The common name of species within genus Ambystoma is the mole salamander. There are approximately 33 species within this salamander genus. Individuals vary in color and pattern, as some can be brightly colored while others are duller in appearance. Coloration can also be heavily dependent upon age and location. Western tiger salamanders (Ambystoma californiense) can be distinguished by their distinct pattern of black spots/bars. Northwestern salamanders (Ambystoma gracile) can be distinguished based on their distinct paranoid glands and glandular ridge on their tails. Long-toed salamanders (Ambystoma macrodactylum) have multiple subspecies that can be distinguished by their long toes and either an apparent dorsal stripe or a series of blotches (Stebbins & McGinnis, 2018). (Stebbins and McGinnis, 2018)

Geographic Range

Mole salamanders have a wide geographical range, though they are all found in the Nearctic region. They range from Alaska to the Gulf Coast, as well as parts of the Mexican Plateau. Four species of Ambystoma are found in the west.

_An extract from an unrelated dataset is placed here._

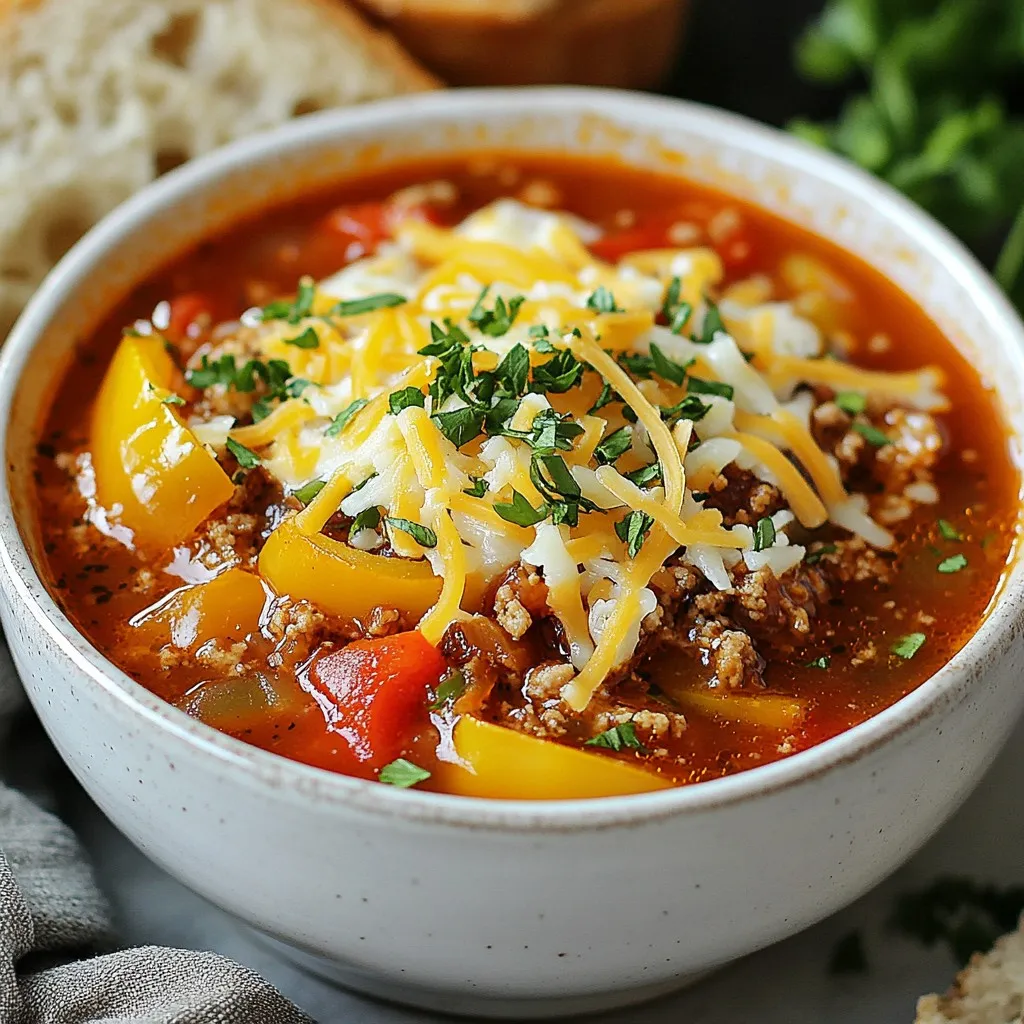 - 4 large bell peppers, chopped into bite-sized pieces - 1 pound of ground turkey or chicken - 1 can (14.5 oz) diced tomatoes, undrained - 4 cups of low-sodium chicken broth The bright colors of bell peppers bring joy to the soup. I use any color I find. Ground turkey or chicken adds protein and a hearty touch. Diced tomatoes give flavor and balance. Chicken broth creates a warm base for the dish. - 1 tablespoon of Italian seasoning - 1 teaspoon of paprika - 1 teaspoon of ground cumin - Salt and freshly ground black pepper, to taste The right spices make this soup special. Italian seasoning adds herbs and warmth. Paprika gives a slight smokiness. Ground cumin introduces a nice earthiness. I always taste and adjust with salt and pepper. - 1 cup of shredded cheese (cheddar or mozzarella) for topping - Fresh parsley, chopped for garnish Cheese makes the soup extra creamy and rich. I love using cheddar or mozzarella. A sprinkle of fresh parsley adds color and freshness. These toppings can make your soup feel gourmet! {{ingredient_image_2}} 1. Sautéing onion and garlic First, heat some olive oil in a large pot over medium heat. Add the finely diced onion. Cook for about 3-4 minutes. Wait until the onion turns soft and fragrant. Then, add the minced garlic. Stir it in and cook for another minute. This mix builds a great base for your soup. 2. Browning the meat Now, it’s time for the meat. Add 1 pound of ground turkey or chicken to the pot. Break up the meat with a spoon. Cook for about 5-7 minutes. Make sure the meat is fully browned and cooked through. This step adds depth to the soup's flavor. 1. Adding vegetables and liquids Next, toss in the chopped bell peppers. Stir them in and let them cook for 3-5 minutes. They should start to soften and brighten in color. Then, pour in the undrained diced tomatoes and chicken broth. Add the cooked brown rice, Italian seasoning, paprika, and ground cumin. Mix everything well to combine all the flavors. 2. Simmering for flavor development Increase the heat until the soup starts to boil gently. Then, reduce the heat to low and let it simmer. Allow the soup to cook undisturbed for about 20-25 minutes. This simmering melds all the flavors together, making the soup rich and hearty. 1. Seasoning to taste After simmering, taste your soup. Season it with salt and freshly ground black pepper. Adjust the seasoning until it suits your flavor preference. 2. Serving suggestions Serve the soup hot. Ladle it into bowls and top with shredded cheese. I love using cheddar or mozzarella for this. Finish with a sprinkle of chopped parsley. This adds color and a fresh taste. Enjoy the soup with some crusty bread for dipping! To ensure even cooking of the meat, break it up with a wooden spoon. This helps it cook evenly. Stir often to avoid any clumps. Cook until it is no longer pink. For the right soup consistency, let it simmer for at least 20 minutes. This helps all the flavors blend together. If the soup is too thick, add more chicken broth. If it's too thin, let it simmer longer. To boost the flavor, you can add more spices. A pinch of red pepper flakes adds heat. A dash of garlic powder gives it depth. You can also try different cheese options. Cheddar adds a sharp taste. Mozzarella gives a creamy texture. Mix them for a fun twist! For serving styles, ladle the soup into large bowls. This makes it feel hearty. Add a handful of shredded cheese on top and finish with parsley. For garnishing, consider using a swirl of sour cream. It adds a nice contrast to the colors. A sprinkle of crushed red pepper can add flair and a kick. Pro Tips Choose Colorful Peppers: Using a mix of bell pepper colors not only enhances the visual appeal of the soup but also adds a variety of flavors. Each color has its unique sweetness level! Perfectly Cooked Rice: If you're using leftover rice, ensure it's not too sticky. Fluff it up with a fork before adding it to the soup for better texture. Season Gradually: Always taste your soup as it cooks and adjust the seasoning gradually. This way, you can avoid over-salting and ensure a balanced flavor profile. Make It Ahead: This soup tastes even better the next day! Make a big batch and store leftovers in the fridge for up to three days or freeze for a quick meal later. {{image_4}} You can easily change the ingredients in stuffed pepper soup. For a vegetarian option, try using lentils or black beans. Both options provide great protein and texture. You can also swap in quinoa for rice. Quinoa adds a nutty flavor and boosts the nutrition. If you want to use a different protein, consider ground beef or pork. They will give the soup a richer taste. You can also use chicken sausage for extra flavor. Just make sure to adjust the cooking time based on the meat you choose. To spice things up, add heat with chili powder or crushed red pepper flakes. This will give your soup a nice kick. You can also try adding smoked paprika for a deeper flavor. It adds a lovely smoky note that complements the peppers. Herbs can also change the taste. Fresh basil or cilantro can brighten the soup. You can add them just before serving for a fresh burst of flavor. Oregano is another good choice to enhance the Italian seasoning. If you need a gluten-free option, use gluten-free broth and make sure all other ingredients are gluten-free. Most canned tomatoes and spices are naturally gluten-free. Check the labels to be sure. For a low-carb version, skip the rice and add more vegetables. Zucchini, cauliflower, or mushrooms work well. They will still make the soup hearty without the carbs. Just chop them small and add them when you cook the peppers. To store leftover soup, let it cool first. Then, pour it into an airtight container. Make sure to leave some space at the top. This helps the soup expand as it cools. Seal the container tightly and place it in the fridge. Your soup will stay fresh for up to three days. For freezing, use freezer-safe containers or bags. Divide the soup i

California tiger salamanders (A. californiese) can only be found in California, along with some hybrid populations. Western tiger salamanders (Ambystoma mavortium) have a broader range in western North America, Canada, and Mexico. There are some exceptions, including most of the Great Basin as well as the Pacific Coast, Mojave deserts, and Coloradan deserts. Northwestern salamanders (A. gracile) range from California to Canada. Long-toed salamanders (A. macrodactylum) are found more inland than the other salamander species, such as in Santa Cruz, California, and Canada (Stebbins & McGinnis, 2018). Streamside salamanders (Ambystoma barbouri) are found within a restricted range in Kentucky (Drayer et al., 2020). (Drayer, et al., 2020; Stebbins and McGinnis, 2018)

Habitat

Ambystoma species have a diverse habitat range. A. mavortium can be found in water ponds, reservoirs, lakes, and temporary rain pools in deserts, mountains, and forests. A. californiese can be found within grasslands, oak savannas, low-elevation forests, and temporary ponds for breeding. A. gracile can be found in open grasslands, woodlands, and in forests near water. A. macrodactylum can be found in sagebrush and cheatgrass as well as meadows and rocky shores (Stebbins & McGinnis, 2018). (Stebbins and McGinnis, 2018)

  • Aquatic Biomes
  • lakes and ponds
  • rivers and streams
  • temporary pools
  • coastal

Systematic and Taxonomic History

Ambystoma salamanders are closely related to other salamander species within order Caudata ("Catalogue of Life", 2022; Stebbins & McGinnis, 2018). DNA evaluations indicate that Ambystoma has been around for 2.4-5 million years (Spolsky et al., 1992; Bi et al., 2008). (Bi, et al., 2008; "Catalogue of Life", 2022; Spolsky, et al., 1992; Stebbins and McGinnis, 2018)

  • Synonyms
    • Axoloteles
    • Bathysiredon
    • Camarataxis
    • Desmiostoma
    • Heterotriton
    • Lanebatrachus
    • Limnarches
    • Linguaelapsus
    • Ogallalabatrachus
    • Pectoglossa
    • Plagiodon
    • Plioambystoma
    • Rhyacosiredon
    • Salamandroidis
    • Xiphoctonus
    • Xiphonura
  • Synapomorphies
    • Prominent costal grooves
    • Biphasic, some paedomorphic

Physical Description

Ambystoma species typically have rounded, blunt snouts with a broad head and relatively small eyes. They have prominent coastal grooves with a laterally flattened tail, which they use for swimming. Compared to females, males have a longer tail and a bulbous vent. As adults, many individuals have prominent markings such as spots, stripes, and bars. However, some species are plain in color and pattern (Stebbins & McGinnis, 2018). (Stebbins and McGinnis, 2018)

  • Sexual Dimorphism
  • male larger

Development

Some species within Ambystoma are pseudomorphic, meaning that they have larval characteristics that do not change. The larvae can withstand cold temperatures, although some become neotenic over the course of the winter (Stebbins & McGinnis, 2018). (Stebbins and McGinnis, 2018)

Reproduction

Ambystoma salamanders have internal fertilization and are polygynous (Stebbins & McGinnis, 2018). Most males exhibit sperm competition, as Ambystoma salamanders utilize a unique mating system in which males deposit a sperm package known as a spermatophore, and females collect the spermatophore for use during internal fertilization. The sperm will then make their way to her cloaca to fertilize her eggs (Gopurenko et al., 2007; Stebbins & McGinnis, 2018). (Gopurenko, et al., 2007; Stebbins and McGinnis, 2018)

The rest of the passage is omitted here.